Provided records:
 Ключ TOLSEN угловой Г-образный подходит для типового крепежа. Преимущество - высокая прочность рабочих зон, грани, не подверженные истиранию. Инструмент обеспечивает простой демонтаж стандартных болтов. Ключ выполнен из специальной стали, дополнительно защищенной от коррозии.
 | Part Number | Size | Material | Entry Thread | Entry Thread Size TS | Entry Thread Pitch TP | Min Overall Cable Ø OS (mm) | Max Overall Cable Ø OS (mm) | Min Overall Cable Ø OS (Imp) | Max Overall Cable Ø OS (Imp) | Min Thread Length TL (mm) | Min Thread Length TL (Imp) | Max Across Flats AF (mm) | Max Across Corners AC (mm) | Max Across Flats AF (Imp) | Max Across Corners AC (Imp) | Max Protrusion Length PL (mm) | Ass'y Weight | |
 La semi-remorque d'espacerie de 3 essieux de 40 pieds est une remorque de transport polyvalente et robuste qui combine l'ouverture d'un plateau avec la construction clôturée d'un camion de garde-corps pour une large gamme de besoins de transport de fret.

---

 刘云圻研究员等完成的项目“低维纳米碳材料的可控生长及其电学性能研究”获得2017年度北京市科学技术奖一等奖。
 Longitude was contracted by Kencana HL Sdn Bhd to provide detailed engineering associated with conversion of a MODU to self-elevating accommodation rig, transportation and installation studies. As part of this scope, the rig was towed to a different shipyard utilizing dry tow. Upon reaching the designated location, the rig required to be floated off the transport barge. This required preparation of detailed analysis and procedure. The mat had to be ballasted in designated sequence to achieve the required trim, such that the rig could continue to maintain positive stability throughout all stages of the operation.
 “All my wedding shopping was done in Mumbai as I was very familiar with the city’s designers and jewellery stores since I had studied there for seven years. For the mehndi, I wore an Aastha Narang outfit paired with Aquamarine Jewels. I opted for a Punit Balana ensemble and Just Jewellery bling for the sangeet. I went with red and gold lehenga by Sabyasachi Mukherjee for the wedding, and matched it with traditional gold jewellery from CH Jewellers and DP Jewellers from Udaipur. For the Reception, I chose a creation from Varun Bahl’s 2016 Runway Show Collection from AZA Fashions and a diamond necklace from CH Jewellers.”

--

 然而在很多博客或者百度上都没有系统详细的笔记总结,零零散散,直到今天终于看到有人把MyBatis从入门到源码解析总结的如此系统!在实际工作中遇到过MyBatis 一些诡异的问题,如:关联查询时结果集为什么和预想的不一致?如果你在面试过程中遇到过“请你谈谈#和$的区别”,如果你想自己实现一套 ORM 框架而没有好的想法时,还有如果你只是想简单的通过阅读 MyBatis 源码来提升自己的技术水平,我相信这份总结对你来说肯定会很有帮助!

Task statement: In the data above, retype exactly and only the lines between the one holding "Ключ TOLSEN угловой" and the one holding "Ass'y Weight | |", inclusive.

Exercise result:
 Ключ TOLSEN угловой Г-образный подходит для типового крепежа. Преимущество - высокая прочность рабочих зон, грани, не подверженные истиранию. Инструмент обеспечивает простой демонтаж стандартных болтов. Ключ выполнен из специальной стали, дополнительно защищенной от коррозии.
 | Part Number | Size | Material | Entry Thread | Entry Thread Size TS | Entry Thread Pitch TP | Min Overall Cable Ø OS (mm) | Max Overall Cable Ø OS (mm) | Min Overall Cable Ø OS (Imp) | Max Overall Cable Ø OS (Imp) | Min Thread Length TL (mm) | Min Thread Length TL (Imp) | Max Across Flats AF (mm) | Max Across Corners AC (mm) | Max Across Flats AF (Imp) | Max Across Corners AC (Imp) | Max Protrusion Length PL (mm) | Ass'y Weight | |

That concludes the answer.